> _Exercise description_
Take every line in the entries that includes the word "progress" and copy it.

Segment Open

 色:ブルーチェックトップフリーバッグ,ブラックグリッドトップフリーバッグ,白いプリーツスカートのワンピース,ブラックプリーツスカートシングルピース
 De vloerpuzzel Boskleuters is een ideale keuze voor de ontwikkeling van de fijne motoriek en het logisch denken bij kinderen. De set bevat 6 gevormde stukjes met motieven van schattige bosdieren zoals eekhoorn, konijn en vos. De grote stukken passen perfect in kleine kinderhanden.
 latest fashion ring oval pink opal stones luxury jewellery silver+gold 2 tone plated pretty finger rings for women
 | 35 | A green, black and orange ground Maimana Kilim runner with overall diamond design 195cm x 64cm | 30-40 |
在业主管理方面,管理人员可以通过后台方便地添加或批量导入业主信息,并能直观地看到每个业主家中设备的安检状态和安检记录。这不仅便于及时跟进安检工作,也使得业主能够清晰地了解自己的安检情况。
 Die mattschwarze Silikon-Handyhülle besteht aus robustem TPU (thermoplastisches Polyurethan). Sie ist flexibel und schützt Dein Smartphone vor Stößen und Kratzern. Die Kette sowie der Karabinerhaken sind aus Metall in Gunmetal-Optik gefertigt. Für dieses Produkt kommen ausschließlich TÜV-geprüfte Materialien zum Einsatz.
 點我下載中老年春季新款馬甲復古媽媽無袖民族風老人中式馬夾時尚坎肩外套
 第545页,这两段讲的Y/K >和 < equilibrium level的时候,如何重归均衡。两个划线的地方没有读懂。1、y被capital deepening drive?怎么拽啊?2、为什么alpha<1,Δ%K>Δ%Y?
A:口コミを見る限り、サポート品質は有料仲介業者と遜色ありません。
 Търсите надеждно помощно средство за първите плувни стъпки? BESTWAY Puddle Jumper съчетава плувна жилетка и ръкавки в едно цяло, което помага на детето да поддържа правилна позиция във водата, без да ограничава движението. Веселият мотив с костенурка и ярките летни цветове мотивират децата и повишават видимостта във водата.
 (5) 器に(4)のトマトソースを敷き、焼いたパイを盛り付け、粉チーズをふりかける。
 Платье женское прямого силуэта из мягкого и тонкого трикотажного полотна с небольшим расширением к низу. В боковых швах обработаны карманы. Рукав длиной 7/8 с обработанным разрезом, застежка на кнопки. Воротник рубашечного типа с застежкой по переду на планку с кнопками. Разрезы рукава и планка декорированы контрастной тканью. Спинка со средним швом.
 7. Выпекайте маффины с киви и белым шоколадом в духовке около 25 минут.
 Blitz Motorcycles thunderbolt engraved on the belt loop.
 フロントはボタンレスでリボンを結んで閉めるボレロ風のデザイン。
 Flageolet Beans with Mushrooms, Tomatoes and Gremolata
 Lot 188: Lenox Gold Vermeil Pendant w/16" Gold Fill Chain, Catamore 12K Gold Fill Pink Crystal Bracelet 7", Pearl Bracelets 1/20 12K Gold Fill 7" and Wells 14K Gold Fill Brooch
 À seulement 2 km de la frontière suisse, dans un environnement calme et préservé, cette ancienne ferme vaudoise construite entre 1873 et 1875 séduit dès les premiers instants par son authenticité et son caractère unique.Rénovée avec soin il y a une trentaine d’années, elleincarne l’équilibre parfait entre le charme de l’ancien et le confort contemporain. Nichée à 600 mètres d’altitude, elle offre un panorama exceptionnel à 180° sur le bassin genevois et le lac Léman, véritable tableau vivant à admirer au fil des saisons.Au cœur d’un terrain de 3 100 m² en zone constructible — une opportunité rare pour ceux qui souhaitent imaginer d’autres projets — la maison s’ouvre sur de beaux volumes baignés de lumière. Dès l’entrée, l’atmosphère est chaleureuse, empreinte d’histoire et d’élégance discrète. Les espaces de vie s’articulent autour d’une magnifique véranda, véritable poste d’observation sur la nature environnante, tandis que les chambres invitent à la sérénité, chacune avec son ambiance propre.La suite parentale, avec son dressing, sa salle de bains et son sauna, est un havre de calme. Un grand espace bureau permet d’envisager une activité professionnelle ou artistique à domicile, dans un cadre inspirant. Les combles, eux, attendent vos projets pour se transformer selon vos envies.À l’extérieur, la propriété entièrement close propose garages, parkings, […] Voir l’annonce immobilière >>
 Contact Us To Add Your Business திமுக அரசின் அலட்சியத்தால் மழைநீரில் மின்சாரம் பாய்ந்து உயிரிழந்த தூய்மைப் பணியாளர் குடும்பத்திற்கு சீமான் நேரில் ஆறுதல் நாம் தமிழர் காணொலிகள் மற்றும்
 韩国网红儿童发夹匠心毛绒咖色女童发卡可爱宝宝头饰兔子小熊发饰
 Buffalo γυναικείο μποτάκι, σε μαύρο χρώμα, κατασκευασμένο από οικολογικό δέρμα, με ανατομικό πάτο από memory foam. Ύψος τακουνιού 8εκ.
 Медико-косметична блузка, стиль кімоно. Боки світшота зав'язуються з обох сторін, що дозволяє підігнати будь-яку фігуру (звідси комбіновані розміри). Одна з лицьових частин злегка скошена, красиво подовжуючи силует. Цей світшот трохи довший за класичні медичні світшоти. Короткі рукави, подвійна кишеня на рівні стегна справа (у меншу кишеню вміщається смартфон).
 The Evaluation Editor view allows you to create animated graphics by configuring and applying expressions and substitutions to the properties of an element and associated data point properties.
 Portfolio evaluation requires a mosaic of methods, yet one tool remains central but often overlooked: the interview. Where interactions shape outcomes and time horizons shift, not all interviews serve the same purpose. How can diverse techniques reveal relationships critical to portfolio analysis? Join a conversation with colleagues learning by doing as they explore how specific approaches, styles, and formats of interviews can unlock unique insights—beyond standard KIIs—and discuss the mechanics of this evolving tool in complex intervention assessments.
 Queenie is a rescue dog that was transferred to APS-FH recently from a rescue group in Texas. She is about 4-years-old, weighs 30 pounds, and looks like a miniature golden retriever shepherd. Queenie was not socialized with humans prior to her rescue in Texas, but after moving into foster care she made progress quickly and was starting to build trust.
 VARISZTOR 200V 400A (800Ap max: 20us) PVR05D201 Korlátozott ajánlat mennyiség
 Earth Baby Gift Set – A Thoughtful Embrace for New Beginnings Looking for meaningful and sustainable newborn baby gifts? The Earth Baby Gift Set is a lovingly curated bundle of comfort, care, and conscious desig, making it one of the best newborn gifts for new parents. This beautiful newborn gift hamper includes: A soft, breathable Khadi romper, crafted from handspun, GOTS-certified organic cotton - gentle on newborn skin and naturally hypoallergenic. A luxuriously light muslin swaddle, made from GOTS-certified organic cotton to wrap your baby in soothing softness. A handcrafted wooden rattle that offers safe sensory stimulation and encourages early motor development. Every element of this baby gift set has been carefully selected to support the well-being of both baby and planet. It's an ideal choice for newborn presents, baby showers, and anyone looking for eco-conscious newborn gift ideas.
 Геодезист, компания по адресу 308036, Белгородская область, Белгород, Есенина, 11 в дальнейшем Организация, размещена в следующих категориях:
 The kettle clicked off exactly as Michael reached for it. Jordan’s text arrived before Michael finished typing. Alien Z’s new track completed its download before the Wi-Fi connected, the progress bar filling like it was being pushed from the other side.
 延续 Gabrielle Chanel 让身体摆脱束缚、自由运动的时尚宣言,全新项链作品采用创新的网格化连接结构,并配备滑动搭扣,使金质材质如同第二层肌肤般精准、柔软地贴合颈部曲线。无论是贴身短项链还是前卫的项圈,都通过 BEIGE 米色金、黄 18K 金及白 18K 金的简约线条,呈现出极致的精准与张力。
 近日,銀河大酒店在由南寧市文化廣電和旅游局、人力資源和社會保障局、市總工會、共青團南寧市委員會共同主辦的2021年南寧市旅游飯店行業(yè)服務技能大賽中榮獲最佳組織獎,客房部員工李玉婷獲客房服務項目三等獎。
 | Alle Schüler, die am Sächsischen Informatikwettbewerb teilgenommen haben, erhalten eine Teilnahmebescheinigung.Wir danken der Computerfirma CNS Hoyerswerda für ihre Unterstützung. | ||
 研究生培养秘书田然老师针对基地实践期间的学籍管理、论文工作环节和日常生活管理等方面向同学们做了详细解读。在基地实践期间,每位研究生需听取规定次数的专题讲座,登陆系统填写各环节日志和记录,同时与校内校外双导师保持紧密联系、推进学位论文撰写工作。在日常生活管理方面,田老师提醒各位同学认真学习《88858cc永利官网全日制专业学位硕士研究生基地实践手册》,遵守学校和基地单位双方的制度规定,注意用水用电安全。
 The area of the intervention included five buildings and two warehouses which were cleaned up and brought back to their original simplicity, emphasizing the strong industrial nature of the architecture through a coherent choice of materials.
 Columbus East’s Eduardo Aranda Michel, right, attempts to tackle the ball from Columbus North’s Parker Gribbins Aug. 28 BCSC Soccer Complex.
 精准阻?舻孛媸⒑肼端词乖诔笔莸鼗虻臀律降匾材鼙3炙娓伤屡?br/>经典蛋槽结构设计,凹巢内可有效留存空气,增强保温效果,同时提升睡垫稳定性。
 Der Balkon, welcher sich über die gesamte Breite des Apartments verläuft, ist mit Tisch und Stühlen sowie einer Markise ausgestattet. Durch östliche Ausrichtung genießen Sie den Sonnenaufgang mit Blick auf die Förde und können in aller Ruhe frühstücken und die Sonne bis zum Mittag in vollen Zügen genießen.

Segment Closed

> _Written response_
 Queenie is a rescue dog that was transferred to APS-FH recently from a rescue group in Texas. She is about 4-years-old, weighs 30 pounds, and looks like a miniature golden retriever shepherd. Queenie was not socialized with humans prior to her rescue in Texas, but after moving into foster care she made progress quickly and was starting to build trust.
 The kettle clicked off exactly as Michael reached for it. Jordan’s text arrived before Michael finished typing. Alien Z’s new track completed its download before the Wi-Fi connected, the progress bar filling like it was being pushed from the other side.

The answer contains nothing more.